Хулия не смогла удержаться от иронической усмешки, адресованной самой себе. Год назад закончился ее более чем двухлетний роман с Альваро, и Менчу была в курсе событий. Более того: именно она, сама того не желая, произнесла когда-то окончательный приговор. В общем-то, она просто попыталась разъяснить Хулии обычную тенденцию развития подобных связей. «В конце концов, детка моя, женатый мужик почти всегда остается со своей благоверной», – сказала она. Может, не совсем такими словами, но сути дела это не меняло. «Исход битвы, видишь ли, решают все-таки годы, заполненные стиркой носков и рождением детей. Просто они все таковы, – закончила Менчу между двумя вдохами кокаина. – В глубине души у каждого из них сидит прямо-таки омерзительная верность своей законной юбке. Апчхи! Сукины дети».

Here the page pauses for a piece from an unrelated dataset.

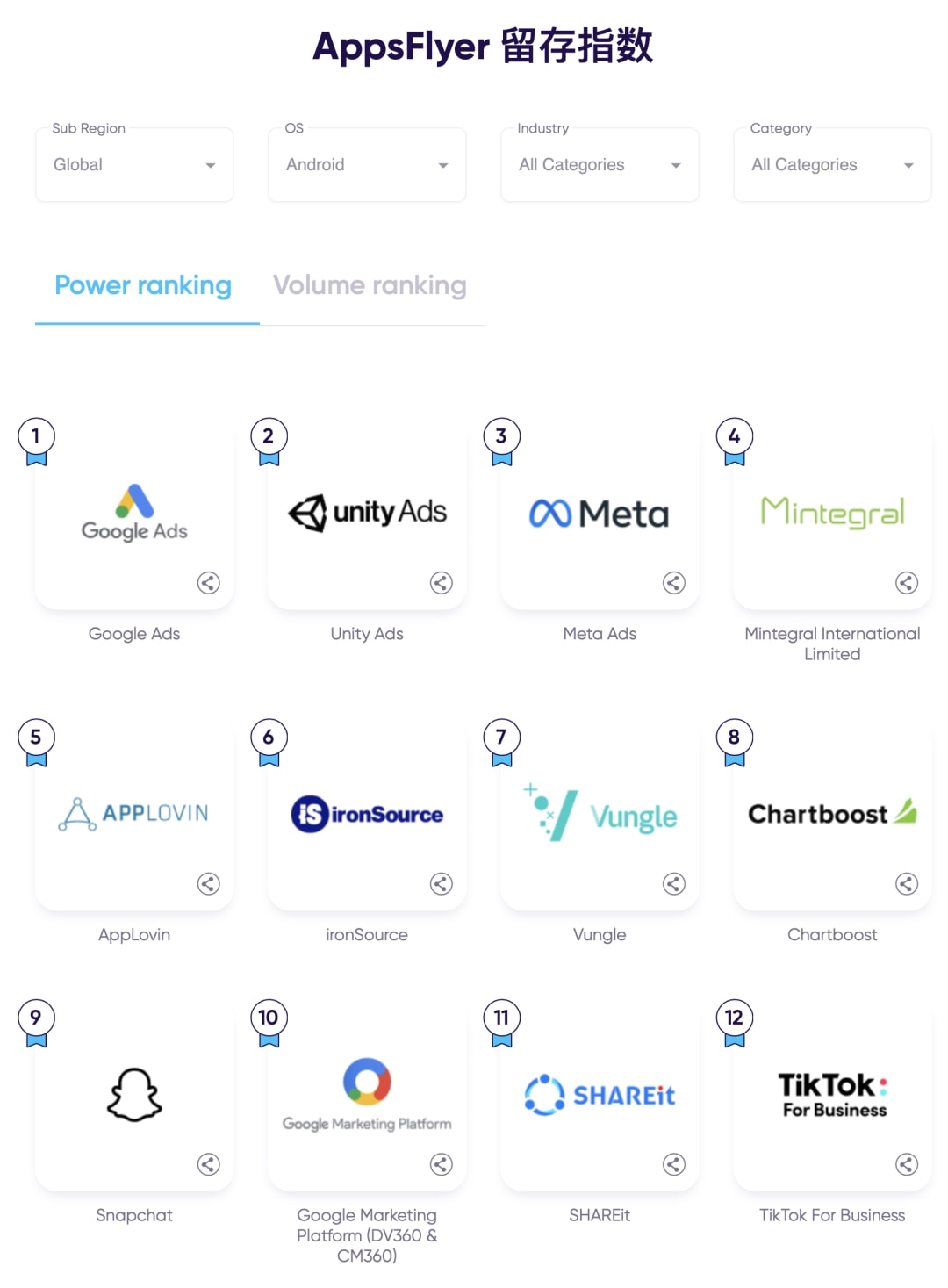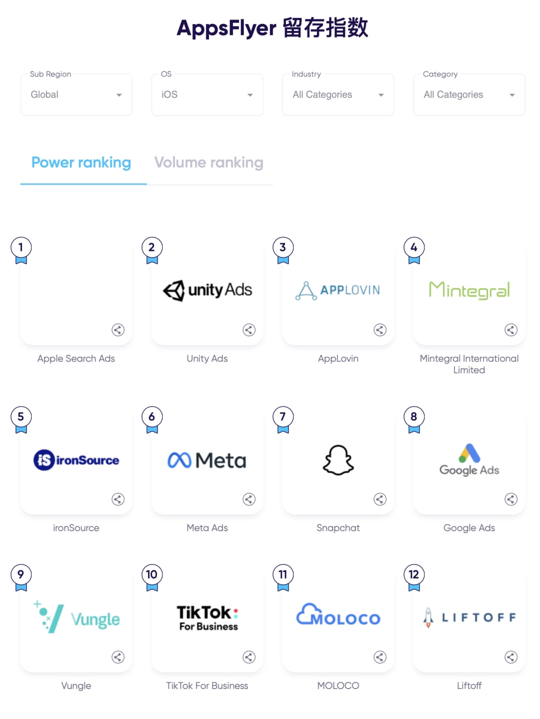 而留存榜中还有一个值得注意的中国出海平台,Mintegral。在双平台全品类留存排名中它都位列第四,是唯一跻身 iOS 及安卓双端榜单前4的中国平台。

Хулия выдохнула густую струю дыма и, снова взявшись за свою чашечку кофе, принялась медленно допивать ее. Тогда все получилось очень горько и больно: эти последние слова, этот стук закрывающейся двери – и потом минуты, часы, дни, ночи… Такую же горечь и боль причиняли воспоминания. И те три-четыре случайные встречи в музеях или на конференциях, которые имели место за прошедший после расставания год. Оба вели себя безупречно: «Ты прекрасно выглядишь, надеюсь, все в порядке…» Ну и прочая чушь в этом роде. В конце концов, оба они – люди цивилизованные, объединенные не только не слишком долгим периодом общего прошлого, но и общим делом – искусством, составляющим предмет их профессиональной деятельности, пусть даже они и занимаются им с разных сторон. Люди с определенным жизненным опытом. Одним словом, взрослые.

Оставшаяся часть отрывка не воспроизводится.